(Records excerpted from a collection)
-----

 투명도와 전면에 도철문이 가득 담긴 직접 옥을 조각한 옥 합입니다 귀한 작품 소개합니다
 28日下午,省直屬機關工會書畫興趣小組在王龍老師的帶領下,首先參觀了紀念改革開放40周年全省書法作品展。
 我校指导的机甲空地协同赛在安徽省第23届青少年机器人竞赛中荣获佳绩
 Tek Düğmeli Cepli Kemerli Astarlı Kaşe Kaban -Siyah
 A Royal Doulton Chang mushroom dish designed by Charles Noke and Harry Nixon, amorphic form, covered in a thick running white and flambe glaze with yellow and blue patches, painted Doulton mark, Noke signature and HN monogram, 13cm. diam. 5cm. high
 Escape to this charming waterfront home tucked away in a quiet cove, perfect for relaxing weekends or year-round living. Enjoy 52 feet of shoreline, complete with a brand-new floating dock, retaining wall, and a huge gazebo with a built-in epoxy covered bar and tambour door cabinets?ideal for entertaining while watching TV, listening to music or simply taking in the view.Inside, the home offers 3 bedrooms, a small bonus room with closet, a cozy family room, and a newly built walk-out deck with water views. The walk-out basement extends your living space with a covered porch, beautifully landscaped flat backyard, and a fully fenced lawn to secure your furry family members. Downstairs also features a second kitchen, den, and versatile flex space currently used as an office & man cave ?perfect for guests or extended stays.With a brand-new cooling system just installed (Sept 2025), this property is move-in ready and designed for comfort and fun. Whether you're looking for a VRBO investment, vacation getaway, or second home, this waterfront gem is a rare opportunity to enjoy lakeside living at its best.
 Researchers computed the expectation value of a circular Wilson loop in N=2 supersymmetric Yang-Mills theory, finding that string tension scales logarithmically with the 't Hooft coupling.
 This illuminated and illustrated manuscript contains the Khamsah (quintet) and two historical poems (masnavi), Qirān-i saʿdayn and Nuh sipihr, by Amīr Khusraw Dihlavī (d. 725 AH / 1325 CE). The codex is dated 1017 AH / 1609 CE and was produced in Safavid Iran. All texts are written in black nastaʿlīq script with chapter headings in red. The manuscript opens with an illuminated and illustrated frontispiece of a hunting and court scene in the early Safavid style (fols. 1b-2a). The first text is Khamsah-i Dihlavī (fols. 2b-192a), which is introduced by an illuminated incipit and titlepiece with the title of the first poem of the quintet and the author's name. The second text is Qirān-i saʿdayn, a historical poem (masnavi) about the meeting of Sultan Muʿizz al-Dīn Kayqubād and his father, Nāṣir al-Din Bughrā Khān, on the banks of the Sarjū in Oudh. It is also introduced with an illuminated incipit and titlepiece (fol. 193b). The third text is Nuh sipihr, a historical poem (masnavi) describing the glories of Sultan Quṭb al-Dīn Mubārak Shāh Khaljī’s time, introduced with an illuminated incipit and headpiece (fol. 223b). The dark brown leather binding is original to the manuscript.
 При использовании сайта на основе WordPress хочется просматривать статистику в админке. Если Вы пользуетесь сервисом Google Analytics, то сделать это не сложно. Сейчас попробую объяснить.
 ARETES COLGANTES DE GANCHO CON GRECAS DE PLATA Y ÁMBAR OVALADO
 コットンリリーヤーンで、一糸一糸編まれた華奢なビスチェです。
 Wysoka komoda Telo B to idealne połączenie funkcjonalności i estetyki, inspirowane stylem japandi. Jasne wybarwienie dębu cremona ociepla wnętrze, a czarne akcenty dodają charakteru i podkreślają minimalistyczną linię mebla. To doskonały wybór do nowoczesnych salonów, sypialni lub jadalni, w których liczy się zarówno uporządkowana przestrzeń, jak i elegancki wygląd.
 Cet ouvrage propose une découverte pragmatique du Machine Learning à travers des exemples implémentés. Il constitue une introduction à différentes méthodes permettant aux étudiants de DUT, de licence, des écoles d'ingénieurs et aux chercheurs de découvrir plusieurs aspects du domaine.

-----

- _What you need to do_
Transcribe only what runs from the line with "ARETES COLGANTES DE" to the last line above, keeping every line exactly as written.

- _Solved problem_
 ARETES COLGANTES DE GANCHO CON GRECAS DE PLATA Y ÁMBAR OVALADO
 コットンリリーヤーンで、一糸一糸編まれた華奢なビスチェです。
 Wysoka komoda Telo B to idealne połączenie funkcjonalności i estetyki, inspirowane stylem japandi. Jasne wybarwienie dębu cremona ociepla wnętrze, a czarne akcenty dodają charakteru i podkreślają minimalistyczną linię mebla. To doskonały wybór do nowoczesnych salonów, sypialni lub jadalni, w których liczy się zarówno uporządkowana przestrzeń, jak i elegancki wygląd.
 Cet ouvrage propose une découverte pragmatique du Machine Learning à travers des exemples implémentés. Il constitue une introduction à différentes méthodes permettant aux étudiants de DUT, de licence, des écoles d'ingénieurs et aux chercheurs de découvrir plusieurs aspects du domaine.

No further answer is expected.